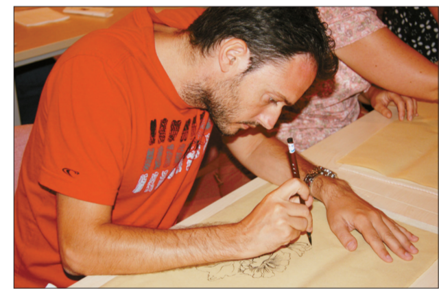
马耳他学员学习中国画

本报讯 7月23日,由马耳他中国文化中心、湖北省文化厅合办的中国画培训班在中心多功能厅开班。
+-------+
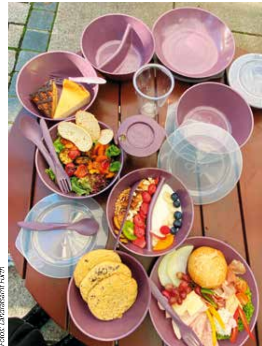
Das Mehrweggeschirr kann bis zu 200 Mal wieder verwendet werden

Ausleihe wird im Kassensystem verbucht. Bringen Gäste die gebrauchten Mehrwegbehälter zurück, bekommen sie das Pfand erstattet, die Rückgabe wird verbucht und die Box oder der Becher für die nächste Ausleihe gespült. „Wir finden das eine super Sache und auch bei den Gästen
+-------+
## WORK TO COMPLETE
Of all the entries above, output exactly the lines between the one holding "Das Mehrweggeschirr kann" and the one holding "Ausleihe wird im", inclusive.

## SOLUTION BELOW
Das Mehrweggeschirr kann bis zu 200 Mal wieder verwendet werden

Ausleihe wird im Kassensystem verbucht. Bringen Gäste die gebrauchten Mehrwegbehälter zurück, bekommen sie das Pfand erstattet, die Rückgabe wird verbucht und die Box oder der Becher für die nächste Ausleihe gespült. „Wir finden das eine super Sache und auch bei den Gästen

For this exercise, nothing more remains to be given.